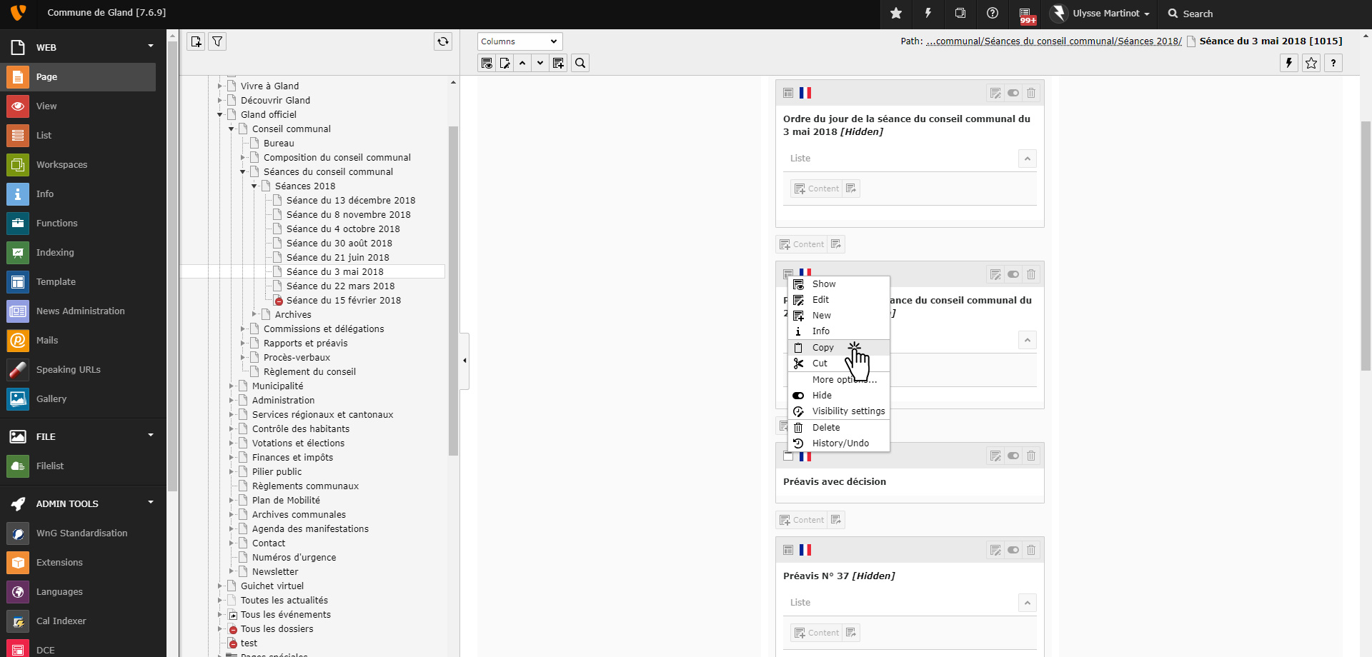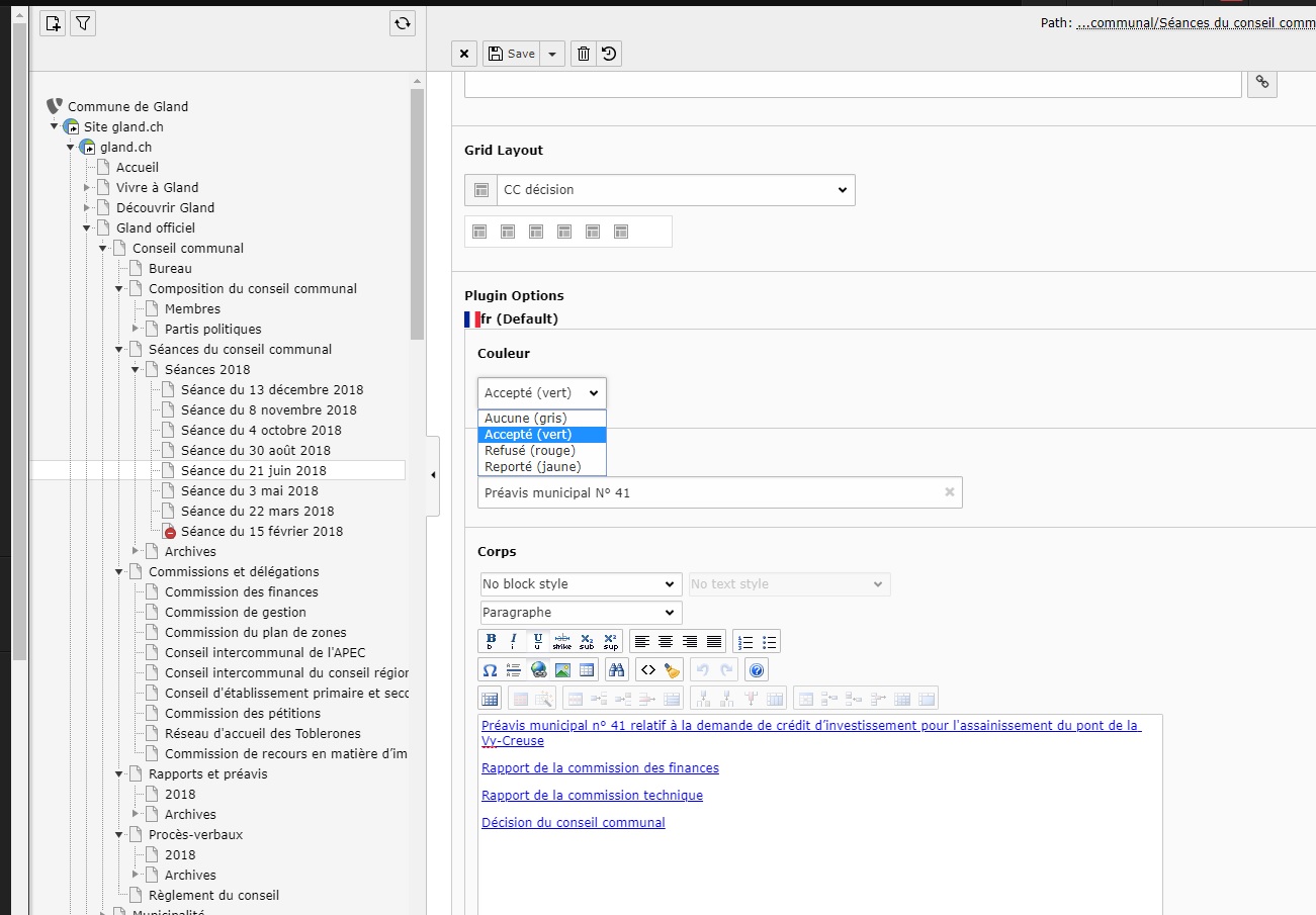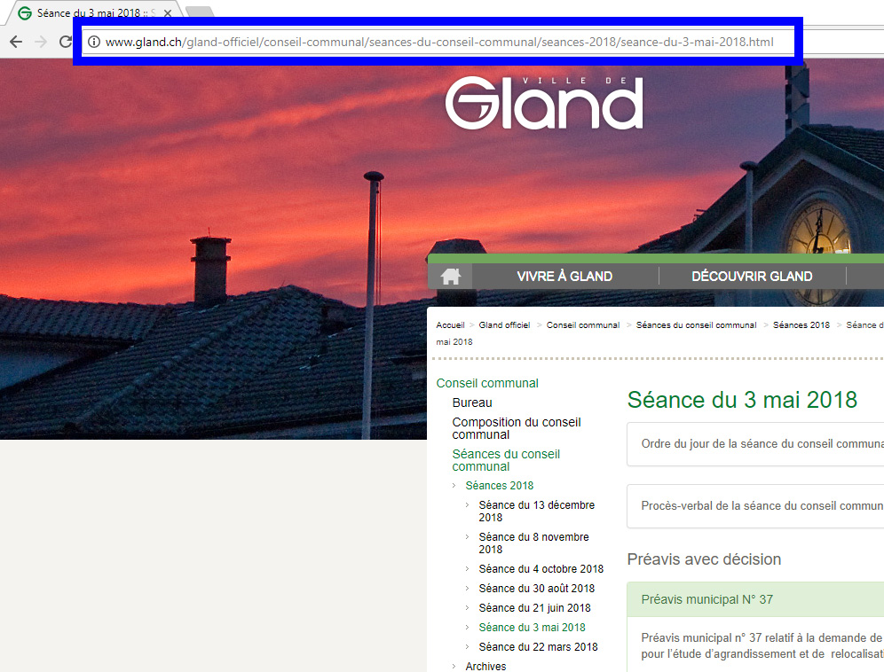 2. Sélectionner dans l’arborescence, la page de la séance du conseil communal (« Gland officiel » > « Conseil communal » > « Séances du conseil communal » > « Séance XXXX » > « Séance du XX xxxx XXXX »).
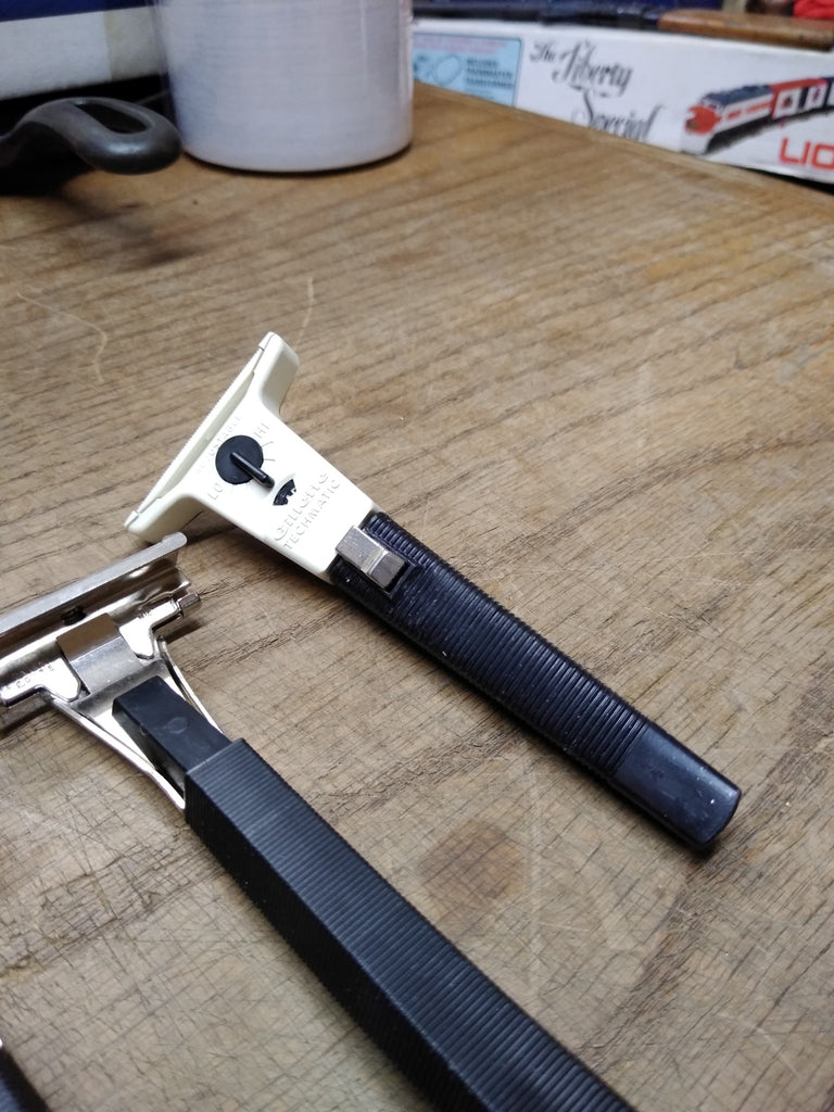 Vtg 3 Pc Razor Lot 2 x Schick 1 x Gillette Techmatic Cartridge Safety Razor Nice
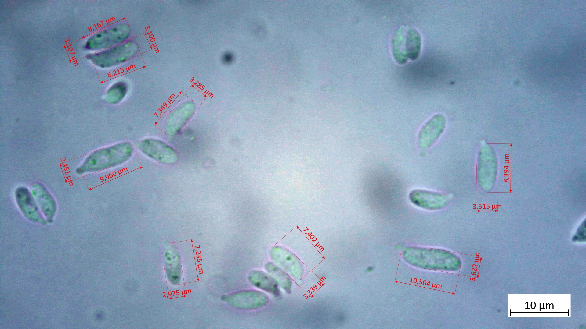 Sporen typisch: 6,1-7,3 µm (av. 6,6 µm, SD 0,3 µm) x 3,5-4,5 µm (av. 3,9 µm, SD 0,2 µm); Q = 1,5-1,8 (av. 1,7, SD 0,1)(n = 18)
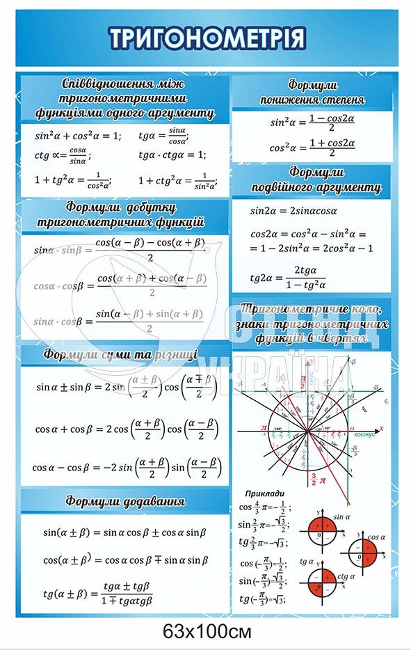 Стенд “Тригонометрія” – купити на stend-ukraine.com
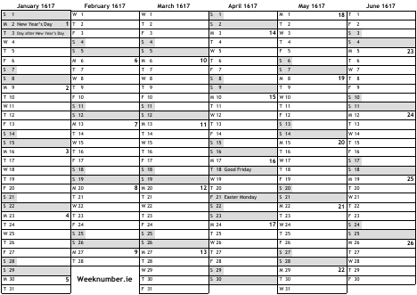 1617 calendar
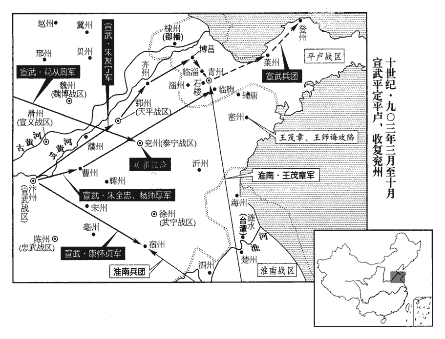 13三月,戊午‹十七›,朱全忠至大梁‹汴州州政府所在城·河南省开封市›。王師範弟師魯圍齊州‹山东省济南市›,朱全忠并兗、鄆,遂兼有齊州。九域志:兗州北至齊州三百六十里。朱友寧‹宣武,总部汴州›引兵擊走之。師範遣兵益劉鄩軍,友寧擊取之。由是兗州援絕,葛從周‹泰宁,总部兖州›引兵圍之。劉鄩取兗州見上卷本年正月。友寧進攻青州;戊辰‹二十七›,全忠引四鎮‹宣武、宣义总部滑州›、天平总部郓州、护国总部河中府及魏博‹总部魏州›兵十萬繼之。
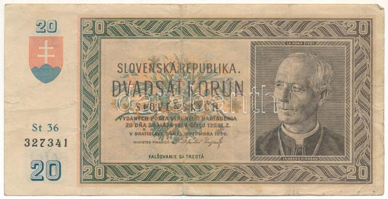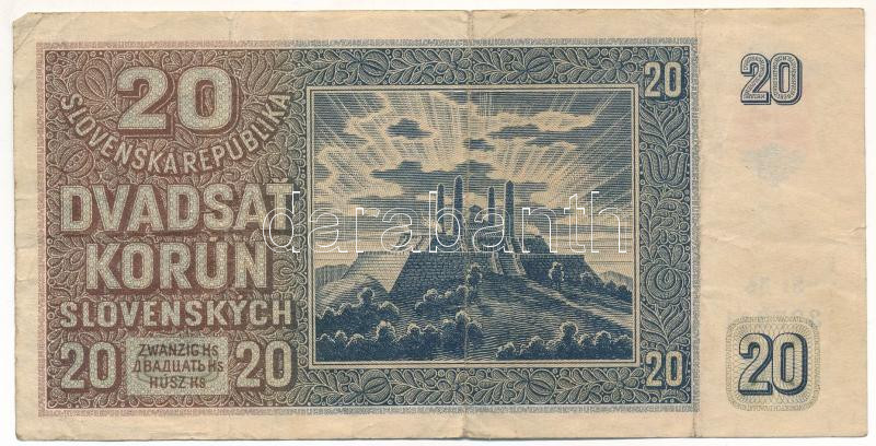 Szlovákia 1939. 20K T:F Slovakia 1939. 20 Korun C:F Krause P#5 https://www.darabanth.com/de/472-Fernauktion/472.0/Numismatik/Weltweit-Banknoten~2000016/Szlovakia-1939-20K-TF-Slovakia-1939-20-Korun-CF-Krause-P235~II3202642

◆ What the task requires
I would like an exact copy of the lines from the one holding "Sporen typisch: 6,1-7,3" through the last line of the entries above, with the pictures left out.

◆ Completed task
 Sporen typisch: 6,1-7,3 µm (av. 6,6 µm, SD 0,3 µm) x 3,5-4,5 µm (av. 3,9 µm, SD 0,2 µm); Q = 1,5-1,8 (av. 1,7, SD 0,1)(n = 18)
 Стенд “Тригонометрія” – купити на stend-ukraine.com
 1617 calendar
 13三月,戊午‹十七›,朱全忠至大梁‹汴州州政府所在城·河南省开封市›。王師範弟師魯圍齊州‹山东省济南市›,朱全忠并兗、鄆,遂兼有齊州。九域志:兗州北至齊州三百六十里。朱友寧‹宣武,总部汴州›引兵擊走之。師範遣兵益劉鄩軍,友寧擊取之。由是兗州援絕,葛從周‹泰宁,总部兖州›引兵圍之。劉鄩取兗州見上卷本年正月。友寧進攻青州;戊辰‹二十七›,全忠引四鎮‹宣武、宣义总部滑州›、天平总部郓州、护国总部河中府及魏博‹总部魏州›兵十萬繼之。
 Szlovákia 1939. 20K T:F Slovakia 1939. 20 Korun C:F Krause P#5 https://www.darabanth.com/de/472-Fernauktion/472.0/Numismatik/Weltweit-Banknoten~2000016/Szlovakia-1939-20K-TF-Slovakia-1939-20-Korun-CF-Krause-P235~II3202642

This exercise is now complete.